**DIRECTIONS**
Only the lines below, from the one with "dichtbevölkerten Agrarstaaten in" through the one with "7,000๋ง์ ๋ฏธ๋ง์ด๋ฉด์ ๋ถ์์๋", are to be written out, exactly.

**RECORDS SHOWN**
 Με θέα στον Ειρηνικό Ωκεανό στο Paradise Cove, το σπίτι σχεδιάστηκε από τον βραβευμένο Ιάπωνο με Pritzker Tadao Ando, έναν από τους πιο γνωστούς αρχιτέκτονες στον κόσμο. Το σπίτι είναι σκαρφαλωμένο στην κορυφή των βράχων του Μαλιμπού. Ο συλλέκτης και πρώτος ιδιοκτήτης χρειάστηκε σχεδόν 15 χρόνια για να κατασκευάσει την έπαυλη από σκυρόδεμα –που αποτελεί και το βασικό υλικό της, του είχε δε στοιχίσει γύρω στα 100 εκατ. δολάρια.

==

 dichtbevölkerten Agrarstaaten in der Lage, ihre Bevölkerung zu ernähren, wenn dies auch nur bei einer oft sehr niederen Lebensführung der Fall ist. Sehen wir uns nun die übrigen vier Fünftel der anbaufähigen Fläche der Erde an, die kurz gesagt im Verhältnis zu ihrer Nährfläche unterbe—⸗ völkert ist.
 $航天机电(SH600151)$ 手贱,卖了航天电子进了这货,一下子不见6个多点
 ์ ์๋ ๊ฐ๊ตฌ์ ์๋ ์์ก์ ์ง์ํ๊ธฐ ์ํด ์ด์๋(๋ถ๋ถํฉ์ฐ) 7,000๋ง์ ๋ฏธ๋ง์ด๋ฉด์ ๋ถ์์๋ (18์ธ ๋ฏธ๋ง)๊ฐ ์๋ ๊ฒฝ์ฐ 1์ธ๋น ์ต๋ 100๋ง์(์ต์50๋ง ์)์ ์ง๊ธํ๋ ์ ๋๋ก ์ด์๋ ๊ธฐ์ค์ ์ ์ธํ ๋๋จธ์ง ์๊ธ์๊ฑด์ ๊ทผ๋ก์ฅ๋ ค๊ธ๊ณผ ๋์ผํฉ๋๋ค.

**TASK RESULT**
 dichtbevölkerten Agrarstaaten in der Lage, ihre Bevölkerung zu ernähren, wenn dies auch nur bei einer oft sehr niederen Lebensführung der Fall ist. Sehen wir uns nun die übrigen vier Fünftel der anbaufähigen Fläche der Erde an, die kurz gesagt im Verhältnis zu ihrer Nährfläche unterbe—⸗ völkert ist.
 $航天机电(SH600151)$ 手贱,卖了航天电子进了这货,一下子不见6个多点
 ์ ์๋ ๊ฐ๊ตฌ์ ์๋ ์์ก์ ์ง์ํ๊ธฐ ์ํด ์ด์๋(๋ถ๋ถํฉ์ฐ) 7,000๋ง์ ๋ฏธ๋ง์ด๋ฉด์ ๋ถ์์๋ (18์ธ ๋ฏธ๋ง)๊ฐ ์๋ ๊ฒฝ์ฐ 1์ธ๋น ์ต๋ 100๋ง์(์ต์50๋ง ์)์ ์ง๊ธํ๋ ์ ๋๋ก ์ด์๋ ๊ธฐ์ค์ ์ ์ธํ ๋๋จธ์ง ์๊ธ์๊ฑด์ ๊ทผ๋ก์ฅ๋ ค๊ธ๊ณผ ๋์ผํฉ๋๋ค.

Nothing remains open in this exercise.